Wrong way to look at things. Our exchange rate based per capita income is purely based on supply and demand of the dollar within India. It's impossible for our currency to be strong when our forex reserves are low and we have a large trade deficit.
According to the UN, HDI is determined by per capita income based on PPP. And to be a developed economy, we need a per capita income of $20,000.
India is at more than $8000 and China is at more than $18000. China is very, very close to transitioning into a developed country while India is about 15 years away (at today's prices).
Purely on per capita income, this is a much more reasonable method. Note that the figures are in PPP, not exchange rate.
India is at level 2 and slowly transitioning to level 3. You can say that India will be at level 3 by 2025. Only 2% of our population is now at level 1.
China is already at the end of level 3 and on the cusp of level 4.

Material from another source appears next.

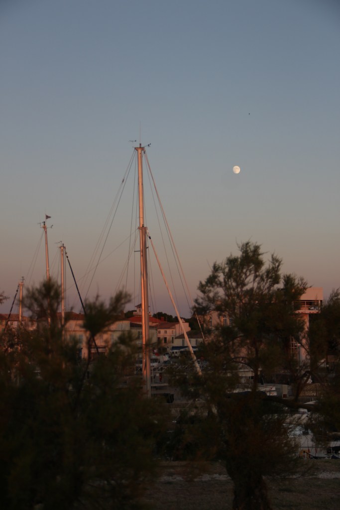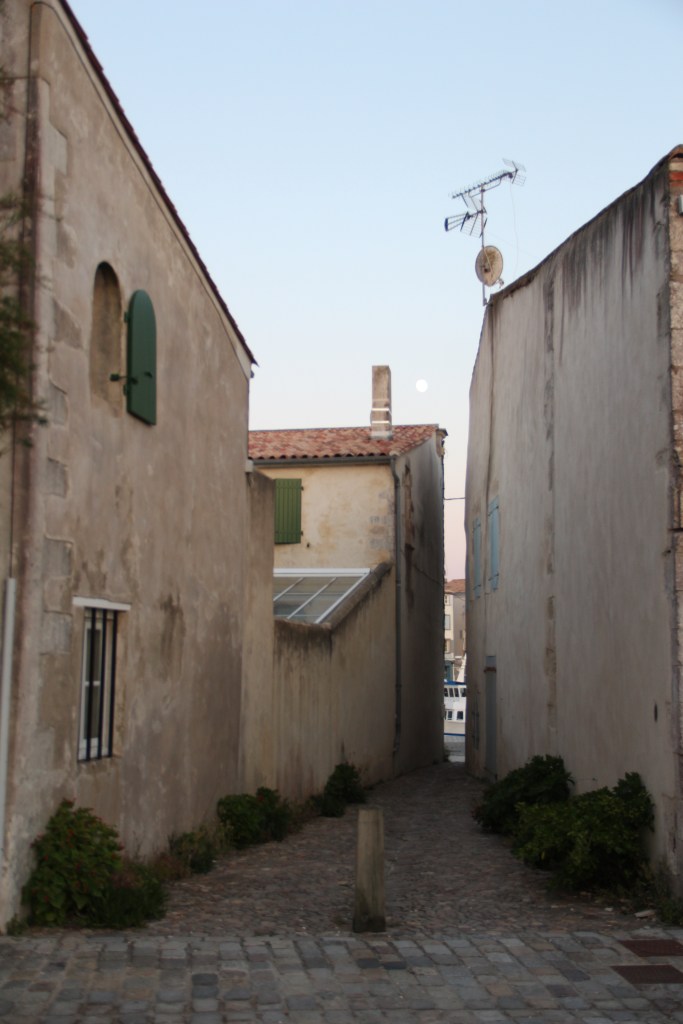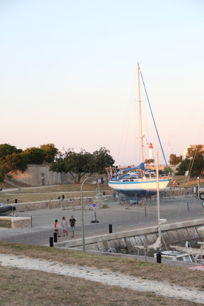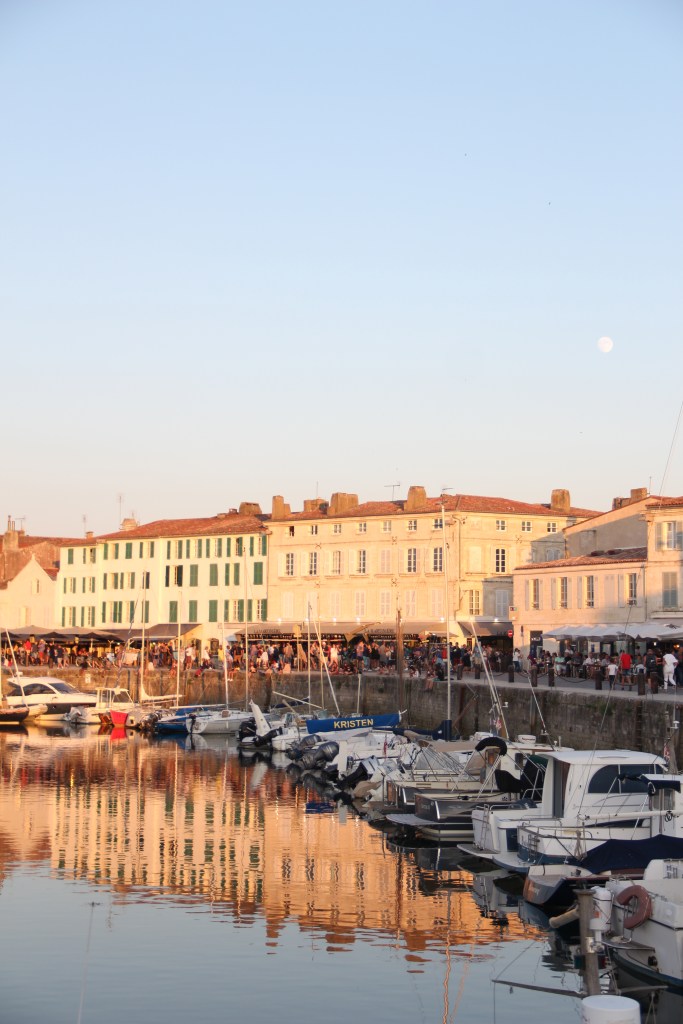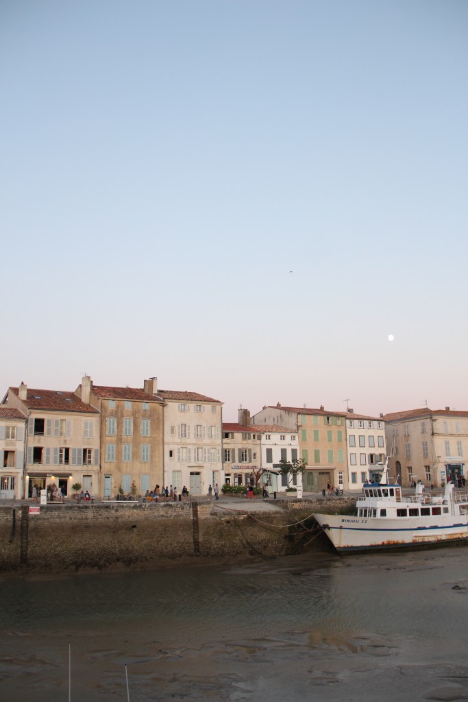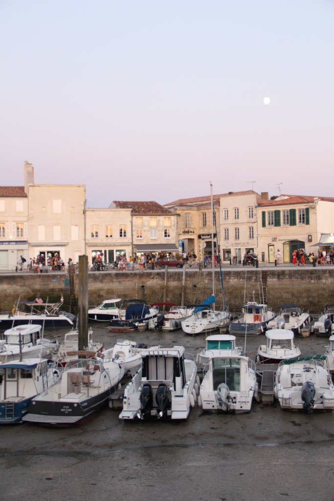Bastille Day, la Fête nationale, my birthday eve, and the day we arrived at La Rochelle airport on mainland France just after 5:30 in the evening. We retrieved our hands-free baggage from the belt and, shortly after that, boarded the bus over the bridge to the island. It took us about forty minutes with stops to get to Saint-Martin-de-Ré, the harbor town where we would base ourselves for the next two nights. The bus, while longer than a taxi, was easy. There’s absolutely no reason to have a car on Île de Ré; plus, the fees to take a car over the bridge, I read, are high. After getting off at our stop, it took us about another ten minutes to walk down the sidewalks into the center of town and to our Airbnb. Everything, instantly, was perfect. After putting our bags inside, we immediately went to the harbor to explore it and it’s îlot.
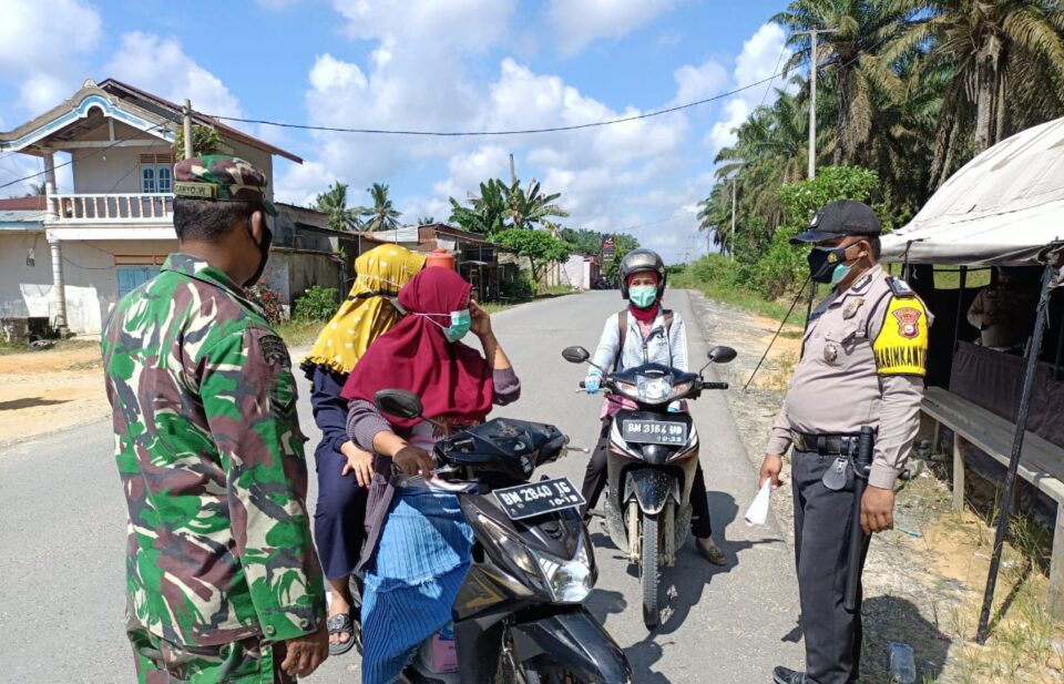 Dalam kesempatan tersebut sinergitas Polsek Kerumutan bersama Babinsa membagikan masker gratis serta menyampaikan imbauan kepada masyarakat agar selalu mematuhi protokol kesehatan.

Purely on exchange rate basis, if India becomes a trade surplus nation with $300B or $400B surplus, and the forex starts growing by $200B a year, then why not, $14000 is extremely easy to reach if everybody is swimming in dollars because the rupee will simply strengthen by 40-50% in just a few years of reaching such amazing trade and forex figures. Logically speaking, had the UPA not mismanaged the economy, then our GDP at the old exchange rate even with muted growth would have been $4T today, which means per capita income would have been $3000 and not $2000. Are you saying we are poorer today in 2019 than we were back in 2012? You see how exchange rate based GDP is meaningless.